Занятно, что Дриш уподобил морфогенез в биологии акту художественного творчества, который с помощью проецирования интенсивностей формирует то пространство, в котором возникает художественная форма.

В 1974–1975 годах Пригов написал текст "Катарсис, или Крах всего святого на глазах у детей для Елизаветы Сергеевны Никищихиной и мужского актера". Жанр этого произведения не совсем ясен. С одной стороны, это явно пьеса с двумя действующими лицами, хотя каждое действующее лицо внутри этой пьесы и разыгрывает иные пьесы, притом актер-мужчина в них играет женщин, а актриса – мужчин. С другой стороны, происходящее в "Катарсисе" неоднократно определяется как не-театр, а акция.

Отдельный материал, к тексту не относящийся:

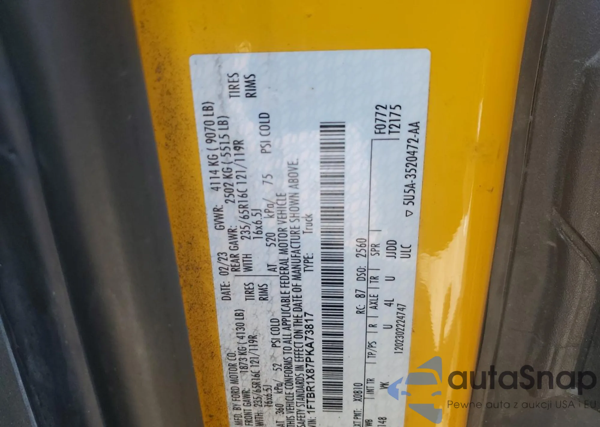 • VIN: 1FTBR1X87PKA73817

Связано это, например, с тем, что действуют в "Катарсисе" Дмитрий Александрович Пригов и известная актриса Елизавета Сергеевна Никищихина, чьи реальные муж и дочь многократно упоминаются. В тексте объясняется:

Елизавета Сергеевна Никищихина не играет Елизавету Сергеевну Никищихину, а она и есть прямая Елизавета Сергеевна Никищихина ‹…›. А я просто не играю. А тот, кто будет играть, он, в сущности, играть не будет, он просто назовется Дмитрием Александровичем Приговым и будет им (М, с. 83).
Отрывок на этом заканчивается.